I think you're overstating the case when you slam his documentation. I've found some of it to be so clearly expressed that it seems obvious he is a teacher. The problem with it is that it lives on his server in html format.

DJB's software is held up only by his licensing. Gerrit Pape's runit is a clone of daemontools with some added functionality. It's packaged in Debian and FreeBSD because it's GPL, not because daemontools is deficient in some way.

It's a shame Bernstein is such a polarizing figure. His disciples and detractors can be equally annoying and the noise buries a worthy signal.

Re:djbdns (0)

Anonymous Coward | more than 7 years ago | (#19976643)

I use djbdns also and haven't any serious problems with it. Sendmail and BIND has more problems than I like so that is the reason why the previous admin and I went and left using qmail and djbdns. There is no prefect software package out there or will there ever be but my work has been much easier with djb software.

Re:djbdns (2, Interesting)

Anonymous Coward | more than 7 years ago | (#19979649)

No, Djbdns is not acceptable. Its list of root name servers is five years out of date, and there is a remote denial of service security problem which has not been fixed. Heck, it won't even compile in any Linux distribution from the last three years or so.

And, no, you can't fix these issues and distribute a "djbdns-fixed.0.1.tar.bz2" file with the fixes in place, because djbdns is not open source.

djbdns is dead and has been dead for years now.

Jeezus freaking A Christ (3, Interesting)

m.dillon (147925) | more than 7 years ago | (#19975559)

Why the hell is bind trying to implement its own random number generator? It's a piece of junk compared to the random numbers modern BSD OS's generate via libc.

-Matt

Re:Jeezus freaking A Christ (2, Informative)

TheRaven64 (641858) | more than 7 years ago | (#19975969)

Probably because BIND has to be cross-platform. I'm sorry to break this to you Matt, but some people use inferior operating systems without good random number generation function.

Re:Jeezus freaking A Christ (4, Insightful)

eggnet (75425) | more than 7 years ago | (#19978903)

Probably because BIND has to be cross-platform. I'm sorry to break this to you Matt, but some people use inferior operating systems without good random number generation function.
That doesn't prevent BIND from using superior OS provided services for platforms that do have good random number generators. They decided not to do it, plain and simple.

Re:Jeezus freaking A Christ (1)

Wdomburg (141264) | more than 7 years ago | (#19980639)

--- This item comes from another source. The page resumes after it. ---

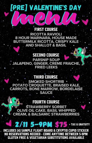 2/11 DSB Valentine's Dinner with DSB beer pairings @ DSB Beer Garden 5-9pm 2/12 TAPP'D Trivia 7-9pm 2/13 Elaina Nixon Artist Pop-Up in the taproom @ 6pm 2/13 Pluto Pub Crawl/ I Heart Pluto Festival. Astronomer & Pluto Paloma drink special @ the Beer Garden
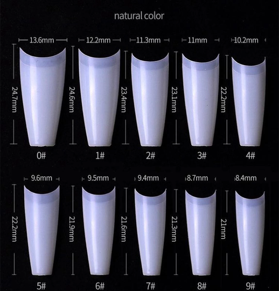 Het pakket bevat maar liefst 500 nageltips in 10 maten, verpakt in een stringzakje van 50 stuks. Tips zijn gemaakt van zeer sterk, maar flexibel ABS-plastic.

They do utilize /dev/random if it exists, to seed and reseed the PRNG. There's a few reasons I can think of not to use those exclusively:
  • On some platforms /dev/random blocks if the entroy pool is exhausted. Really really great when you're trying to service thousands of queries a second.
  • On platforms where /dev/random doesn't block (or an alternate device like urandom is used for non-blocking random number generation) you're going to end up with a PRNG anyways.
  • They have to ship and support a generator regardless, since some platforms lack a built-in facility.
  • Adding in platform specific hooks adds code paths. Additional code paths add bugs.
  • They would need to track and circumvent vulnerabilities in every external PRNG they would potentially rely on.
  • They would need to issue security alerts every time a weakness was discovered in a third-party PRNG implementation. (And what do you want to bet this would just perpetuate the currently unwarranted poor security reputation even if the fault was outside the ISC codebase?)

Underscores the need for good design (1)

supachupa (823309) | more than 7 years ago | (#19976985)

At my organization, I've configured our DNS as split-split. Split-split means that the outside world only gets nonrecursive advertisements of our authoritative domains, separate servers are configured for the inside to do recursive queries(i.e. forwarders), and a last set is for our user land dns servers which forward to our recursive nameservers. Only these dns servers are allowed to talk to the forwarders, which sit in their own DMZ.
Now, my servers may have the same vulnerability as yours, but the risk of it being exploited is much lower. This buys me time to patch any given flaw without panicking too much.
To those that knock BIND, for its lack of security: if a system (i.e a group os servers meant to provide a service) is designed and then configured securely, even when flaws are discovered, the chances of getting hit can be vastly reduced. Yes, there are more secure versions of DNS out there, but BIND is the most popular. DJBDNS has a great reputation, but my solution works just fine and I don't have to learn yet another version of something that when passed on to the next person will go on neglected for years.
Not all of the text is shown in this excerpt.